EXERCISE> Pictures excluded, please transcribe exactly the lines from the one with "Hugo Boss huvtröja" through the end of the records below, and nothing more.

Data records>
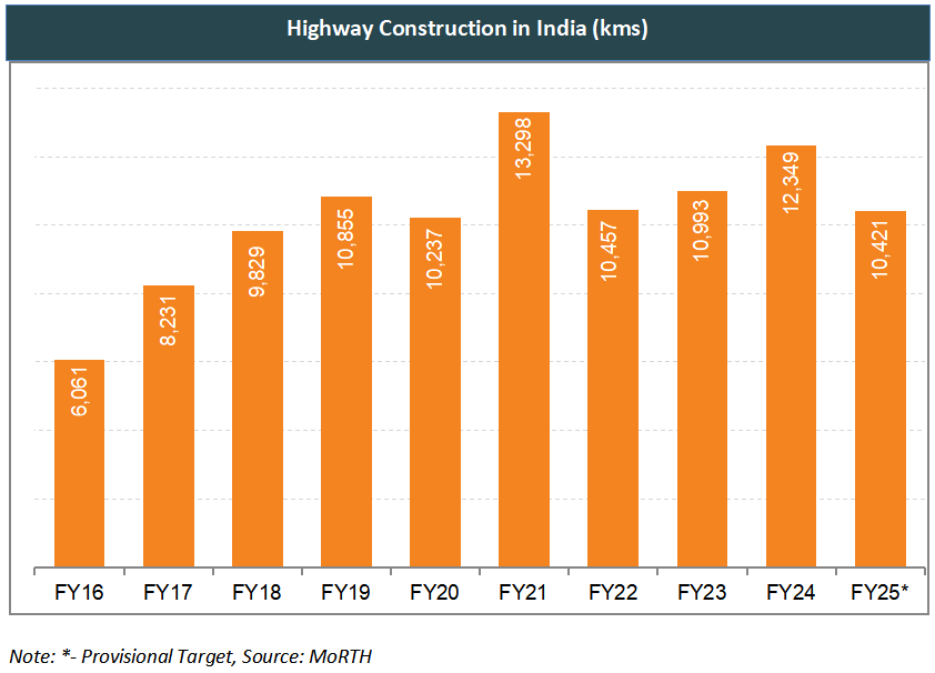 *In September 2025, the government announced a massive Rs. 11 lakh crore (US$ 125 billion) initiative to build 17,000 km of high-speed, access-controlled expressways by 2033. This plan aims to expand India’s high-speed road network fivefold, boost logistics efficiency, and enhance economic connectivity. About 40% of these expressways are already under construction, with most expected to be completed by 2030.
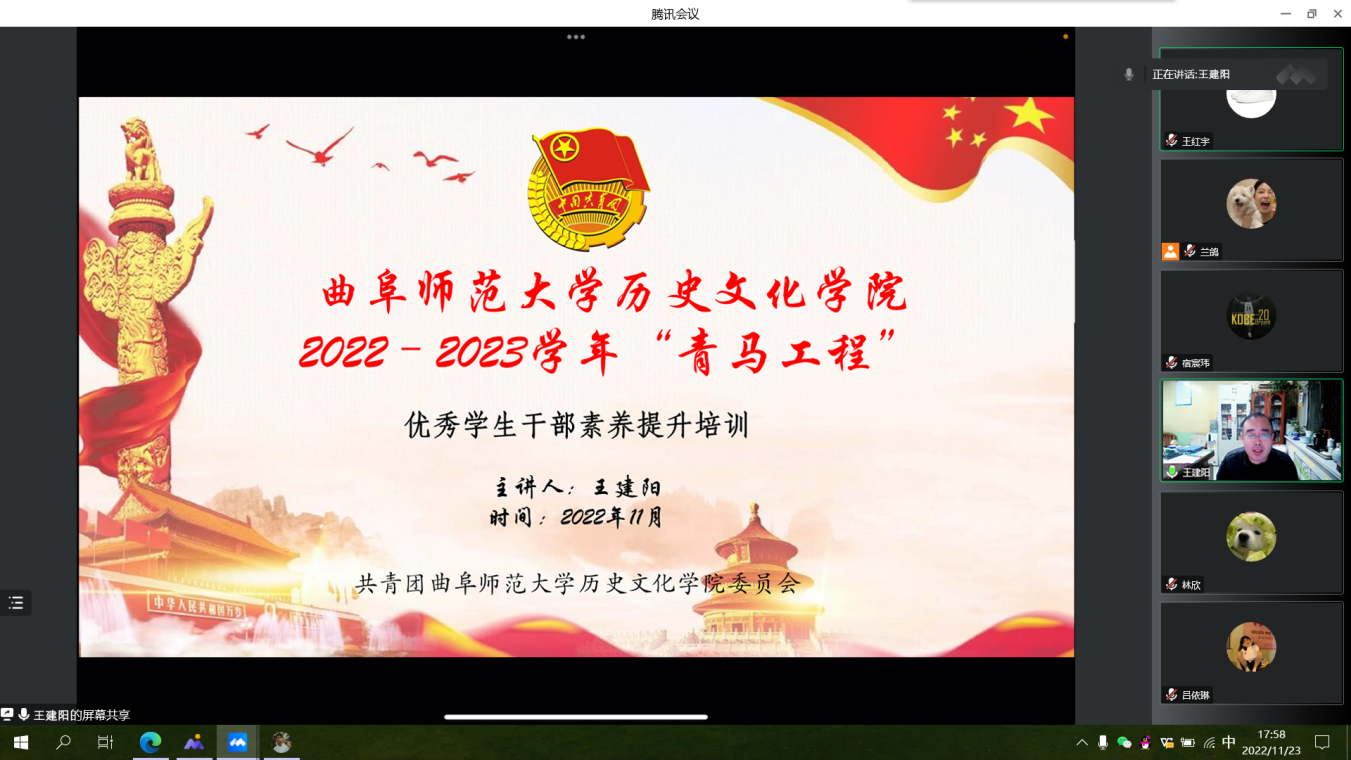 为学习贯彻党的二十大精神,提升学生骨干的理论素养、工作能力和实践水平,11月12日,大乐透 开展了2022——2023学年“青马工程”第二讲——优秀学生干部素质提升培训。本次会议特邀大乐透 党委副书记王建阳担任主讲人,大乐透 青马工程班所有成员参加会议。
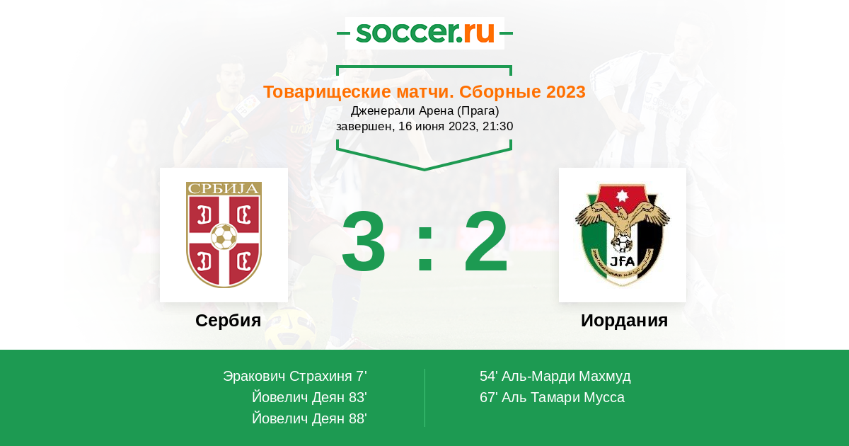 Запасные: 10 Тадич Душан (с 46'), 9 Йовелич Деян (с 46'), 3 Младенович Филип (с 46'), 20 Милинкович-Савич Сергей (с 63'), 7 Илич Иван (с 63'), 14 Живкович Андрия (с 74'), 6 Максимович Неманья, 2 Павлович Страхинья, 12 Петрович Джордже, 23 Илич Велько, 8 Чумич Никола
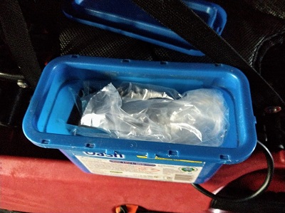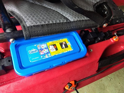 Comme cette batterie me sert pour plusieurs flotteurs, le l'ai mise dans une petite boite étanche faite moi-même ( récupération d'une petite boite de lessive). La boite est posée sur le côté du siège, elle est donc facilement amovible.
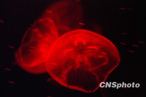 2009年8月2日,青岛海底世界,灯光给海月水母披上了一层神秘的色彩。中新社发 五河 摄
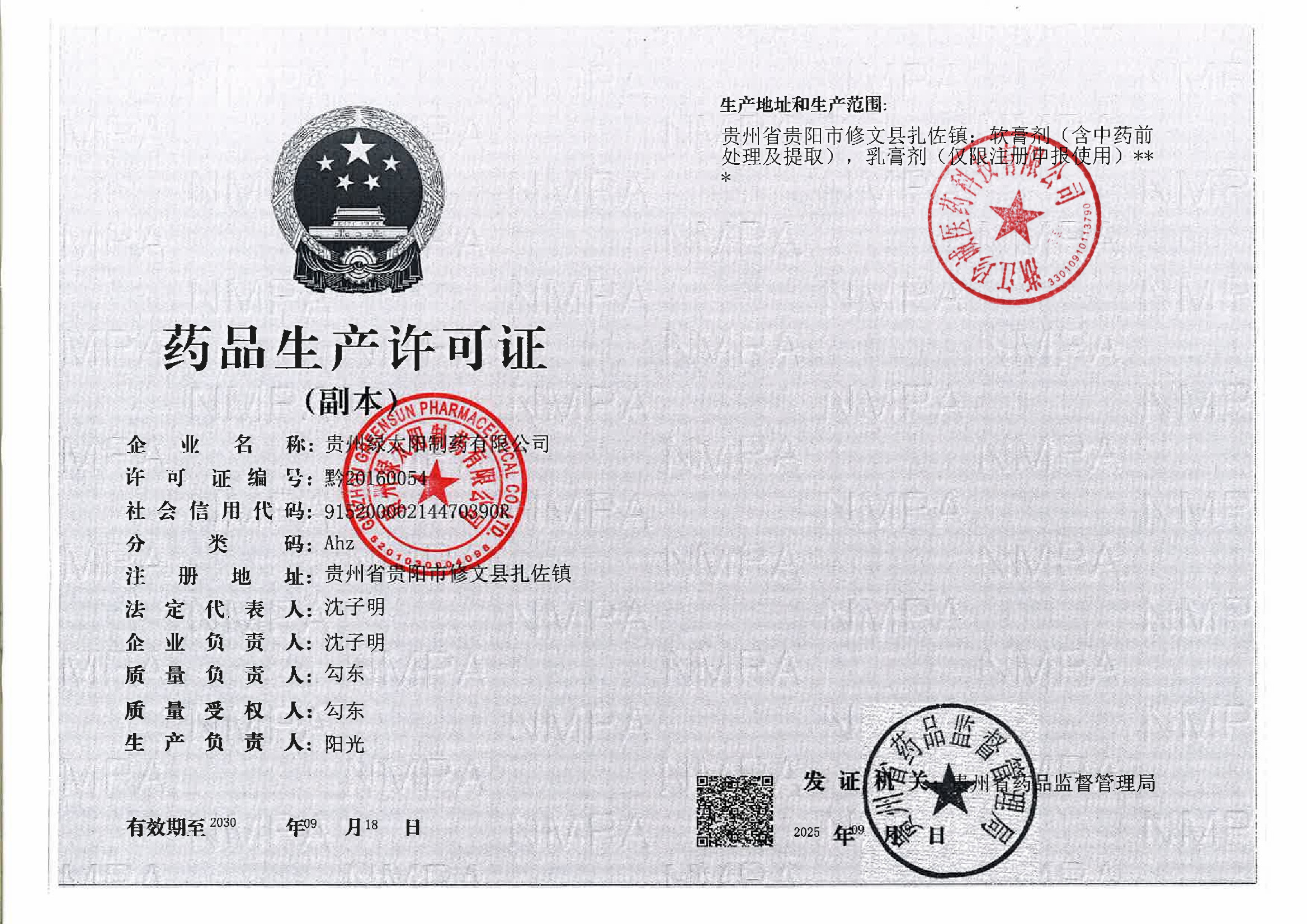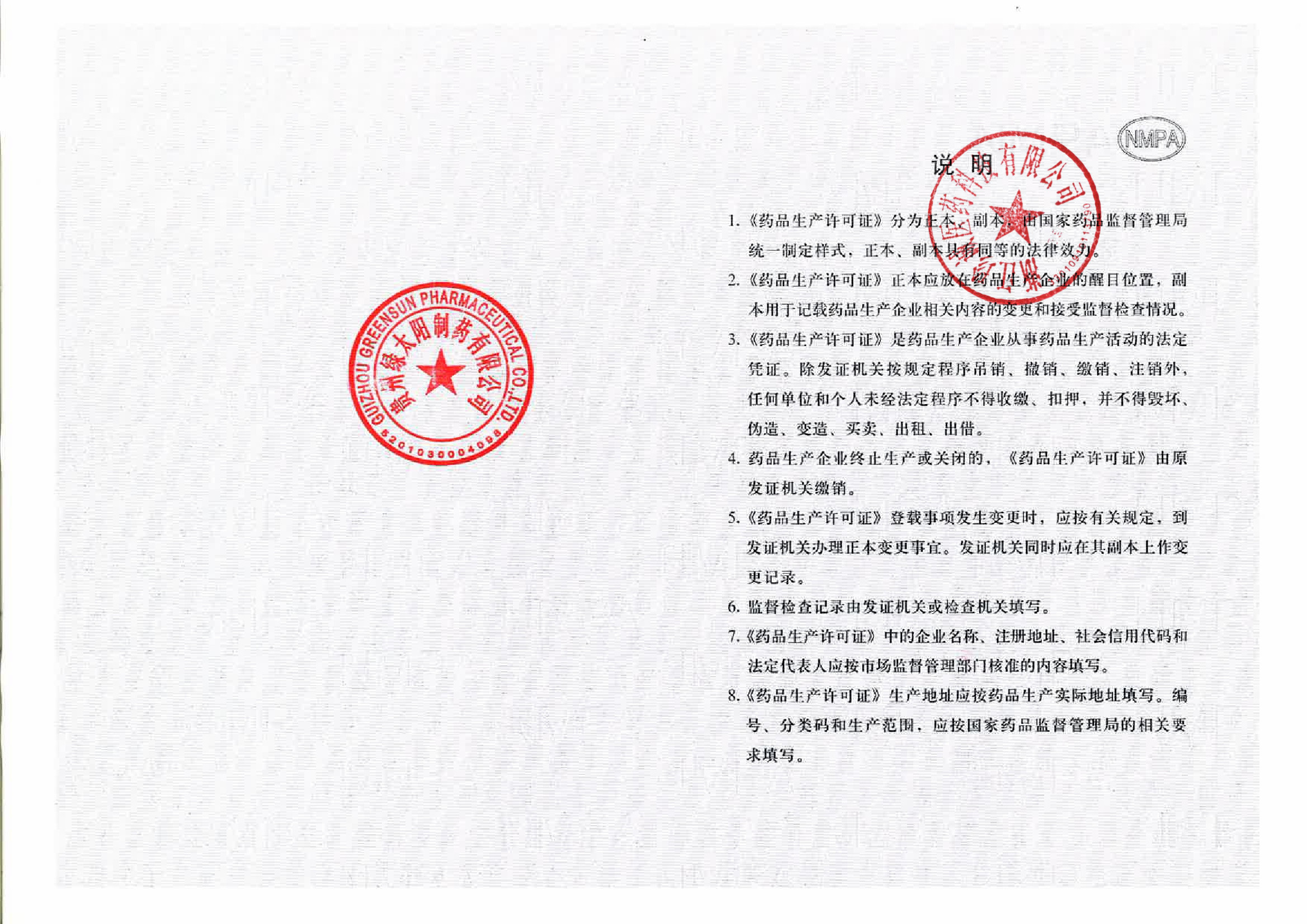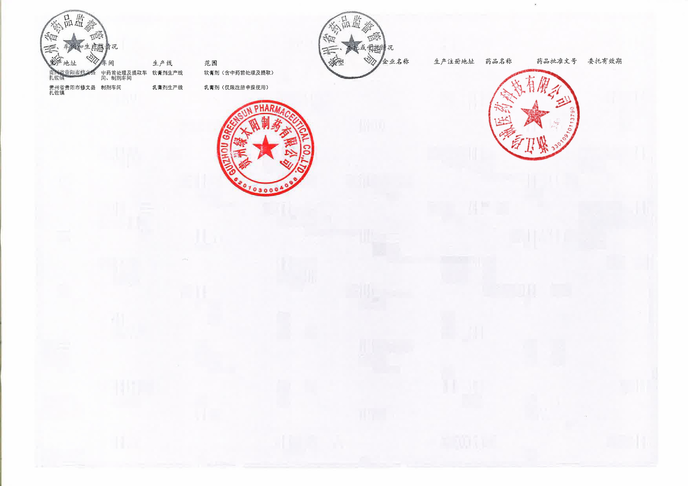 | 3 | Z99000570 | 贵州绿太阳制药有限公司 | 生产许可证盖章版(2025.11.5)(1)(1)0003.jpg | Jan 14, 2026 2:51:22 PM | 查看下载 | |
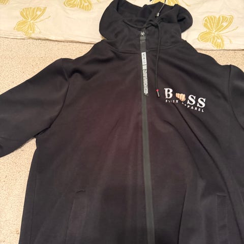 Hugo Boss huvtröja för herr i storlek L. Tröjan är svart med dragkedja framtill och huva med dragsko. Kontrastdetaljer i gult längs dragkedjan och på ärmarna samt BOSS-logotyp på bröstet och i nacken. Material enligt tvättrådslapp (se bild) och tvättråd med symboler finns angivna på insidan. Passar som vardagströja eller överdragströja vid fritidsaktiviteter.
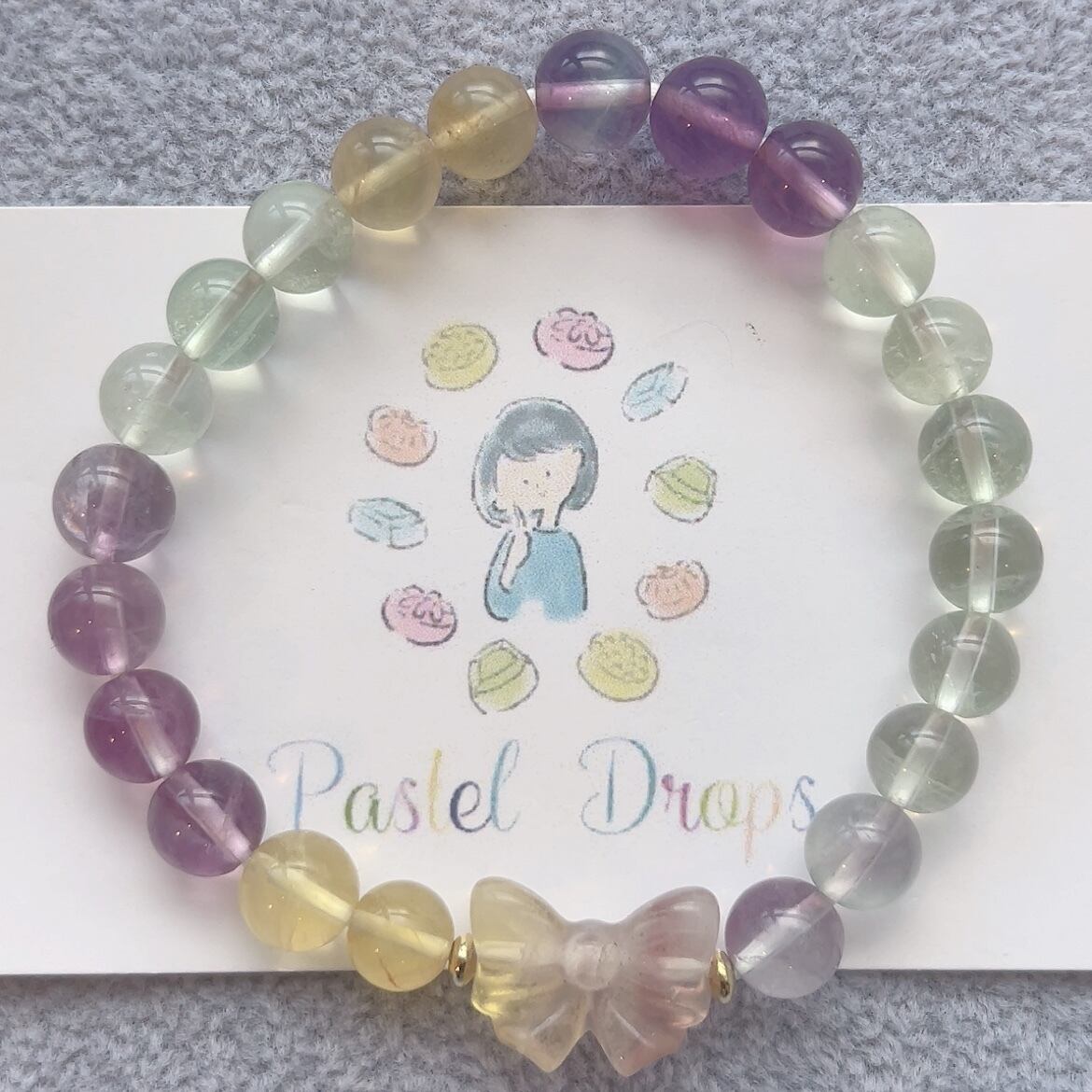 美!グラデーション★リボンがかわいい★カラフルフローライト★パワーストーンブレスレット
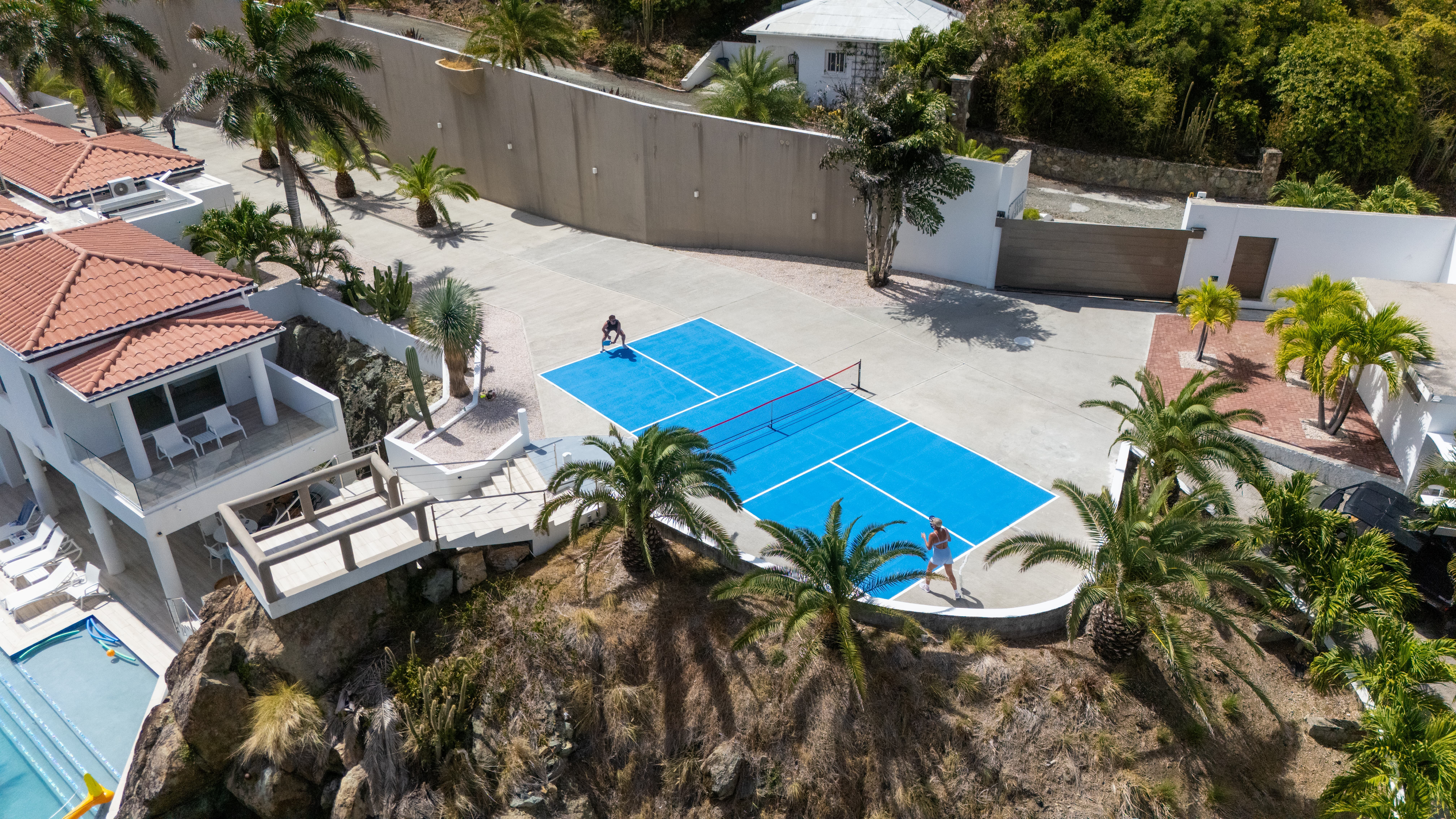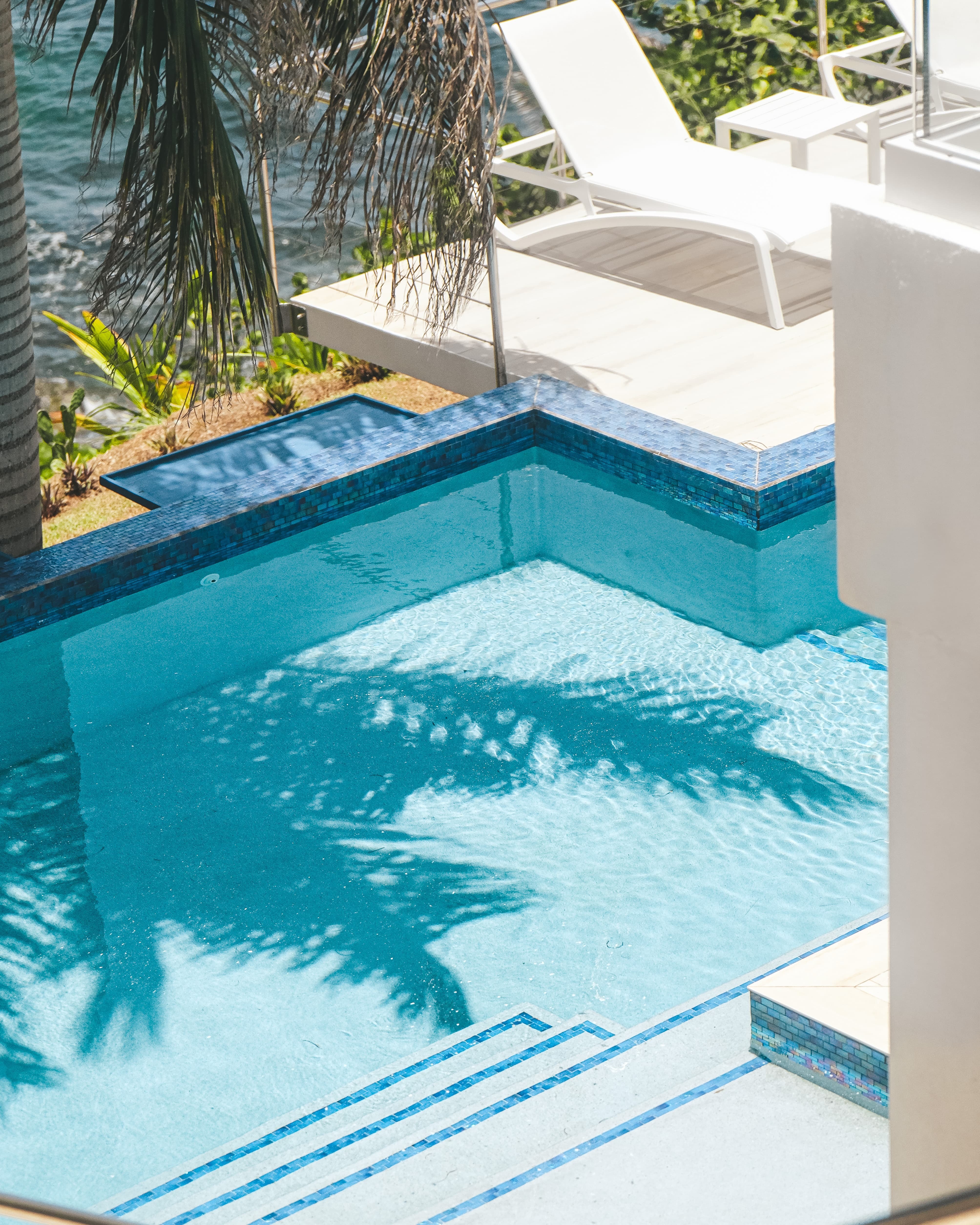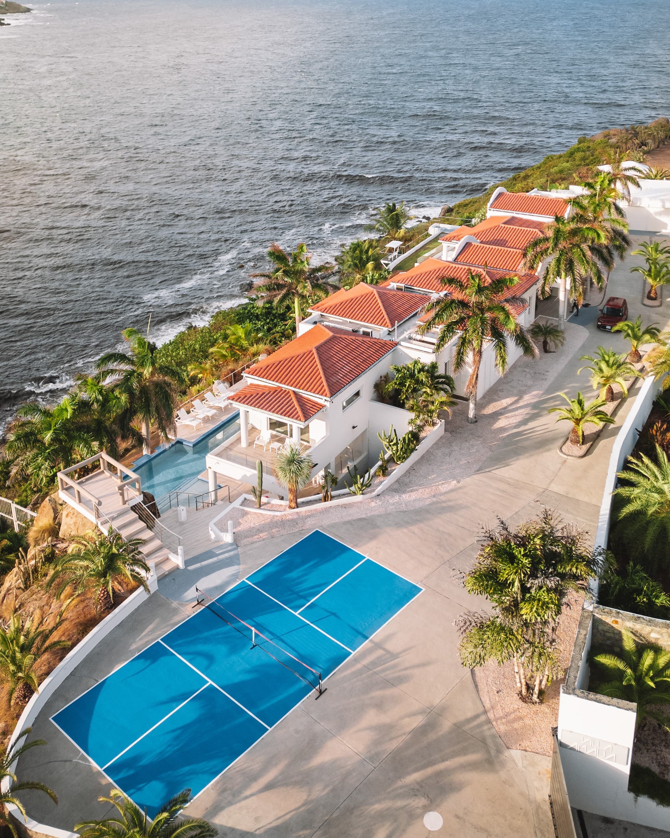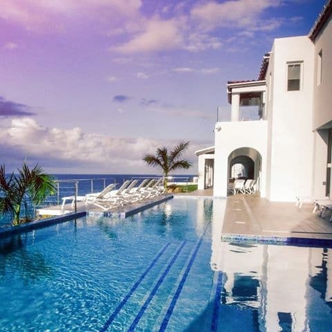 Multi-level swimming pool overlooking the sea, integrated indoor and outdoor music system, curated event capability, and access to bespoke island experiences including yacht charters and water sports.

EXPECTED ANSWER>
 Hugo Boss huvtröja för herr i storlek L. Tröjan är svart med dragkedja framtill och huva med dragsko. Kontrastdetaljer i gult längs dragkedjan och på ärmarna samt BOSS-logotyp på bröstet och i nacken. Material enligt tvättrådslapp (se bild) och tvättråd med symboler finns angivna på insidan. Passar som vardagströja eller överdragströja vid fritidsaktiviteter.
 美!グラデーション★リボンがかわいい★カラフルフローライト★パワーストーンブレスレット
 Multi-level swimming pool overlooking the sea, integrated indoor and outdoor music system, curated event capability, and access to bespoke island experiences including yacht charters and water sports.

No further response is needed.